EXERCISE BRIEF: An exact, complete copy of the entries is what is needed.
(ENTRIES PROVIDED begins)
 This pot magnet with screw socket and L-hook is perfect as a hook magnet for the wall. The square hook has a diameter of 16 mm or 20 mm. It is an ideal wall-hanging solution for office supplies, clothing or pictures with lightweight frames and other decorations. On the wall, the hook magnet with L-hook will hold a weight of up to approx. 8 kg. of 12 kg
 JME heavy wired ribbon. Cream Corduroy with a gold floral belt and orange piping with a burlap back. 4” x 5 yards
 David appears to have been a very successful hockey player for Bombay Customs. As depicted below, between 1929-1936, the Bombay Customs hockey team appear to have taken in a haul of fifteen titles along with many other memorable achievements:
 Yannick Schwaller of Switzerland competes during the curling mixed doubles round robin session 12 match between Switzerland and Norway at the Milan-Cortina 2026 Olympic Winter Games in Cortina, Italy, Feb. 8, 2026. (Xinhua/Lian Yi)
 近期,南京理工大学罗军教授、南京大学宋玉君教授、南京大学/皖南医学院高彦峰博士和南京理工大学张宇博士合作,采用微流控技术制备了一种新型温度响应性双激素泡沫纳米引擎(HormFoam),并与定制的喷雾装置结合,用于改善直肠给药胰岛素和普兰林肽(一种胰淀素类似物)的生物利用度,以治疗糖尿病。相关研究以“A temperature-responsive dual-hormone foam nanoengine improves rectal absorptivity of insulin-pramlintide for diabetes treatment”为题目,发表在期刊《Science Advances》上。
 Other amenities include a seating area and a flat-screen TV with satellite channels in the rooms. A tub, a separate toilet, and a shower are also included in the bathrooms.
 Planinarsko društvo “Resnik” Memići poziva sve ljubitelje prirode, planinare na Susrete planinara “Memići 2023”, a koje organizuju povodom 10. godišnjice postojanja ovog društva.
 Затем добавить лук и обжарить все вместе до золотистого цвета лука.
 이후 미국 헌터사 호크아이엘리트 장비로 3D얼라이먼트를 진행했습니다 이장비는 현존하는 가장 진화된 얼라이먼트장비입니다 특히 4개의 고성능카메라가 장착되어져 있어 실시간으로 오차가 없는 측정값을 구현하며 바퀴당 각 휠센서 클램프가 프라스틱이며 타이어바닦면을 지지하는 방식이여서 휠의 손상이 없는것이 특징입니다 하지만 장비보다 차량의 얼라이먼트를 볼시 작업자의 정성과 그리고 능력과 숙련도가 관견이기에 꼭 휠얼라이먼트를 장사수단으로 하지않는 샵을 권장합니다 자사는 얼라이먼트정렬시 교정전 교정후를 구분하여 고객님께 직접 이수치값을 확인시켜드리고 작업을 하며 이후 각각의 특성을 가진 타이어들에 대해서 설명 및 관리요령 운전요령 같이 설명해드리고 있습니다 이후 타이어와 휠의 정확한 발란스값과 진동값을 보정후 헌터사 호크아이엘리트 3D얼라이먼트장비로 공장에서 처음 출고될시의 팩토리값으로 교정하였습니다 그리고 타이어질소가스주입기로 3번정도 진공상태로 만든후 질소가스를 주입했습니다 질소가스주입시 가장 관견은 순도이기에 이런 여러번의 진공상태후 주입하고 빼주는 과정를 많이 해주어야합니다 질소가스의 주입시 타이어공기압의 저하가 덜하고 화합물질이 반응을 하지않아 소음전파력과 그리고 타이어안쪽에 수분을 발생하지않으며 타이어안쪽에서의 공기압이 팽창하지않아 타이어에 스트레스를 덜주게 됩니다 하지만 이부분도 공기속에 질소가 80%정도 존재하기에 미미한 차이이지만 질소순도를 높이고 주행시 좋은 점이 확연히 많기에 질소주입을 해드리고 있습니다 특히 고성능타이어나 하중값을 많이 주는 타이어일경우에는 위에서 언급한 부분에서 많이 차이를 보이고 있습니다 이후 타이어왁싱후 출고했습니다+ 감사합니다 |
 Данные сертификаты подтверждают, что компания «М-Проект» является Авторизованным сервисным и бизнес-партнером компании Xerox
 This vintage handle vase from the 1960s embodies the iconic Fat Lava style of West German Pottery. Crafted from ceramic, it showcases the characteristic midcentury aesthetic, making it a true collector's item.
(ENTRIES PROVIDED ends)
OUTPUT FOR THIS EXERCISE:
 This pot magnet with screw socket and L-hook is perfect as a hook magnet for the wall. The square hook has a diameter of 16 mm or 20 mm. It is an ideal wall-hanging solution for office supplies, clothing or pictures with lightweight frames and other decorations. On the wall, the hook magnet with L-hook will hold a weight of up to approx. 8 kg. of 12 kg
 JME heavy wired ribbon. Cream Corduroy with a gold floral belt and orange piping with a burlap back. 4” x 5 yards
 David appears to have been a very successful hockey player for Bombay Customs. As depicted below, between 1929-1936, the Bombay Customs hockey team appear to have taken in a haul of fifteen titles along with many other memorable achievements:
 Yannick Schwaller of Switzerland competes during the curling mixed doubles round robin session 12 match between Switzerland and Norway at the Milan-Cortina 2026 Olympic Winter Games in Cortina, Italy, Feb. 8, 2026. (Xinhua/Lian Yi)
 近期,南京理工大学罗军教授、南京大学宋玉君教授、南京大学/皖南医学院高彦峰博士和南京理工大学张宇博士合作,采用微流控技术制备了一种新型温度响应性双激素泡沫纳米引擎(HormFoam),并与定制的喷雾装置结合,用于改善直肠给药胰岛素和普兰林肽(一种胰淀素类似物)的生物利用度,以治疗糖尿病。相关研究以“A temperature-responsive dual-hormone foam nanoengine improves rectal absorptivity of insulin-pramlintide for diabetes treatment”为题目,发表在期刊《Science Advances》上。
 Other amenities include a seating area and a flat-screen TV with satellite channels in the rooms. A tub, a separate toilet, and a shower are also included in the bathrooms.
 Planinarsko društvo “Resnik” Memići poziva sve ljubitelje prirode, planinare na Susrete planinara “Memići 2023”, a koje organizuju povodom 10. godišnjice postojanja ovog društva.
 Затем добавить лук и обжарить все вместе до золотистого цвета лука.
 이후 미국 헌터사 호크아이엘리트 장비로 3D얼라이먼트를 진행했습니다 이장비는 현존하는 가장 진화된 얼라이먼트장비입니다 특히 4개의 고성능카메라가 장착되어져 있어 실시간으로 오차가 없는 측정값을 구현하며 바퀴당 각 휠센서 클램프가 프라스틱이며 타이어바닦면을 지지하는 방식이여서 휠의 손상이 없는것이 특징입니다 하지만 장비보다 차량의 얼라이먼트를 볼시 작업자의 정성과 그리고 능력과 숙련도가 관견이기에 꼭 휠얼라이먼트를 장사수단으로 하지않는 샵을 권장합니다 자사는 얼라이먼트정렬시 교정전 교정후를 구분하여 고객님께 직접 이수치값을 확인시켜드리고 작업을 하며 이후 각각의 특성을 가진 타이어들에 대해서 설명 및 관리요령 운전요령 같이 설명해드리고 있습니다 이후 타이어와 휠의 정확한 발란스값과 진동값을 보정후 헌터사 호크아이엘리트 3D얼라이먼트장비로 공장에서 처음 출고될시의 팩토리값으로 교정하였습니다 그리고 타이어질소가스주입기로 3번정도 진공상태로 만든후 질소가스를 주입했습니다 질소가스주입시 가장 관견은 순도이기에 이런 여러번의 진공상태후 주입하고 빼주는 과정를 많이 해주어야합니다 질소가스의 주입시 타이어공기압의 저하가 덜하고 화합물질이 반응을 하지않아 소음전파력과 그리고 타이어안쪽에 수분을 발생하지않으며 타이어안쪽에서의 공기압이 팽창하지않아 타이어에 스트레스를 덜주게 됩니다 하지만 이부분도 공기속에 질소가 80%정도 존재하기에 미미한 차이이지만 질소순도를 높이고 주행시 좋은 점이 확연히 많기에 질소주입을 해드리고 있습니다 특히 고성능타이어나 하중값을 많이 주는 타이어일경우에는 위에서 언급한 부분에서 많이 차이를 보이고 있습니다 이후 타이어왁싱후 출고했습니다+ 감사합니다 |
 Данные сертификаты подтверждают, что компания «М-Проект» является Авторизованным сервисным и бизнес-партнером компании Xerox
 This vintage handle vase from the 1960s embodies the iconic Fat Lava style of West German Pottery. Crafted from ceramic, it showcases the characteristic midcentury aesthetic, making it a true collector's item.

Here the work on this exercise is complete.